Rozłączył się i ze łzami w oczach popatrzył na zdjęcie rudowłosej pokazywane w telewizji.
- Nie martw się siostra znajdziemy Cię.


Nowy York

- Wiemy, że dziś powinny na gali być same szczęśliwe wiadomości, ale dostaliśmy przed chwilą komunikat ze stacji, że musimy koniecznie zobaczyć wiadomość z Europy. Więc....
- Emily Stan, żona jednego z czołowych europejskich piłkarzy zeszłej nocy została porwana ze swojego mieszkania w Warszawie.

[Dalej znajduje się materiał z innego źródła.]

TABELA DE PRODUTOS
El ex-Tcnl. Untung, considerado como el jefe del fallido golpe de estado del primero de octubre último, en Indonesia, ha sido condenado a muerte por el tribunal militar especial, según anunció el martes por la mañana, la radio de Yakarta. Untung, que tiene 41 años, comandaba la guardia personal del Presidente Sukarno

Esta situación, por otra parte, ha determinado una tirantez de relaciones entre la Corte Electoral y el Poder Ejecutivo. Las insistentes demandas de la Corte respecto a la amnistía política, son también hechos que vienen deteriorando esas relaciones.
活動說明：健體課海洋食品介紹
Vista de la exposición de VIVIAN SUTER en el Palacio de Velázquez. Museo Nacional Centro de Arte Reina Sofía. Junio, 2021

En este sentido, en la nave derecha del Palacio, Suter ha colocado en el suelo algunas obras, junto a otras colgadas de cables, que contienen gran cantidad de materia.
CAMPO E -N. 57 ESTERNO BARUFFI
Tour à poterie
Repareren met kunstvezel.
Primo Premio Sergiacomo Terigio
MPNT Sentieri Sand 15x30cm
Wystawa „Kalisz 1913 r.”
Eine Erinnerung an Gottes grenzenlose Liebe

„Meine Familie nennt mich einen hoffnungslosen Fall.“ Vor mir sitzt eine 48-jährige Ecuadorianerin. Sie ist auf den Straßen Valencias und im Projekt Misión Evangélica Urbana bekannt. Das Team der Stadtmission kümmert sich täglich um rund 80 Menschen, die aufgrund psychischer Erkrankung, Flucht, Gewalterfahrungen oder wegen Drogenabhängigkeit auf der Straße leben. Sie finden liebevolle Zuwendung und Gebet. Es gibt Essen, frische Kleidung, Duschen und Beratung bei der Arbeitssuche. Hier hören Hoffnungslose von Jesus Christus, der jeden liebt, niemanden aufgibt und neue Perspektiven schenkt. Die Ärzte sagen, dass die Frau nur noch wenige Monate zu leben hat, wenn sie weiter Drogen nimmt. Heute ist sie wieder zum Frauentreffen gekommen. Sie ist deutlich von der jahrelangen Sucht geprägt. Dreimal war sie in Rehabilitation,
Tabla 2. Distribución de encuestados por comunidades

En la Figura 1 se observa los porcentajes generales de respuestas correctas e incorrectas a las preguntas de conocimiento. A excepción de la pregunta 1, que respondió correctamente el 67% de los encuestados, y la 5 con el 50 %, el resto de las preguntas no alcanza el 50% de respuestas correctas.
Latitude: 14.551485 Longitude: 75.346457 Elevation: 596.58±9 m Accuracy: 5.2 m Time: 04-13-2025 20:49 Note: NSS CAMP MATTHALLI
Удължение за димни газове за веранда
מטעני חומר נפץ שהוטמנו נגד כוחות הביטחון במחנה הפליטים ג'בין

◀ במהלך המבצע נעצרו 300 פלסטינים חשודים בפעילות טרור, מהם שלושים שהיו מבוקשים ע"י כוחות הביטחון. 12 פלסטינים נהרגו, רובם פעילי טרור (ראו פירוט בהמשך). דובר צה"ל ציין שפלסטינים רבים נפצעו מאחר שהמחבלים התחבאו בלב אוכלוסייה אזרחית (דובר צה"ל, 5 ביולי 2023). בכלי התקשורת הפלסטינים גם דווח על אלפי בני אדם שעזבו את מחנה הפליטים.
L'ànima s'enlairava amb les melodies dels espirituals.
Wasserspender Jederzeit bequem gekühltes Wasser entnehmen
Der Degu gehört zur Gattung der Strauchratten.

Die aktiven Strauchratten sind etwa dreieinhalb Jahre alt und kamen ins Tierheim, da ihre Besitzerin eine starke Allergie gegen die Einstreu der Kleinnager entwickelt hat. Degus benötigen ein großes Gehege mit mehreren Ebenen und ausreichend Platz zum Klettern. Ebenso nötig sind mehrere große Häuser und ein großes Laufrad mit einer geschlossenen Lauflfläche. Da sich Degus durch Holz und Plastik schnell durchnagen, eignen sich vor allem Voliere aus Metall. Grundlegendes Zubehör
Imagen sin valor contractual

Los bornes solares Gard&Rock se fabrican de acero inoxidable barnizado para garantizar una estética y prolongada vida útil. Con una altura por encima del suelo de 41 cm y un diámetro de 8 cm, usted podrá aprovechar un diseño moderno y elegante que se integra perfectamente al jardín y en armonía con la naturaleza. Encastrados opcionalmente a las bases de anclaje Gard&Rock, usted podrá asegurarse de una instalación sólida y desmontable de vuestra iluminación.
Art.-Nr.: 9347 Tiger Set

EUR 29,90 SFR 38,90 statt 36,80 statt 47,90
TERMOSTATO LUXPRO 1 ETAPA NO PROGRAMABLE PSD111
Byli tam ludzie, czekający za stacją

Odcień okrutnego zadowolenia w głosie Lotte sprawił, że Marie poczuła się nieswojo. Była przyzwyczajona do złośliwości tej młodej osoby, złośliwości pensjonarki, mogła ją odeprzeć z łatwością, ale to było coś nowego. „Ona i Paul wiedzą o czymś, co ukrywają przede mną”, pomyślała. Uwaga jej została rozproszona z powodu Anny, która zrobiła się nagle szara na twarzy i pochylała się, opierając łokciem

Jeśli ktokolwiek ją widział prosimy o niezwłoczny kontakt z mężem porwanej lub policją.


Następnego dnia (polskie gazety)


Emilia Lewandowska porwana !

Gdzie jest Lewandowska ?!

Groźby Roberta Lewandowskiego wobec porywacza !

Iwona Lewandowska usiadła na krześle widząc nagłówki trzech gazet przyniesionych przez wystraszoną córkę. Spojrzała załzawionymi oczami na zdjęcie synowej, a zaraz obok na syna, który trzymał na rękach wystraszoną córkę. Oboje byli ubrudzeni od wybuchu. 
- Milena jedziemy do Warszawy w tej chwili !
Wyszła z domu razem z córką i wsiadły do samochodu kierując się do mieszkania piłkarza. 
- Robert ?! Robert ?!
- Przepraszam, ale pan Lewandowski kazał nam nikogo nie wpuszczać.
- To mój syn wy tępe osiłki i macie mnie do niego wpuścić.
- Babcia ?
Kornelia z czerwonymi oczami stanęła za dwójką ochroniarzy i rzuciła się na szyję kobiecie. Wprowadziła obydwie kobiety do środka i zaprowadziła do salonu. Na środku kanapy siedział piłkarz, który bezmyślnie przelewał alkohol ze szklanki do szklanki. Na pozostałych miejscach siedziała reszta reprezentacji i niektóre z żon zawodników.
- Robert dziecko. 
Iwona podeszła i usiadła obok na kanapie przytulając zrozpaczonego syna. 
- Znajdę ją. Nie ważne jak, za jaką cenę, znajdę.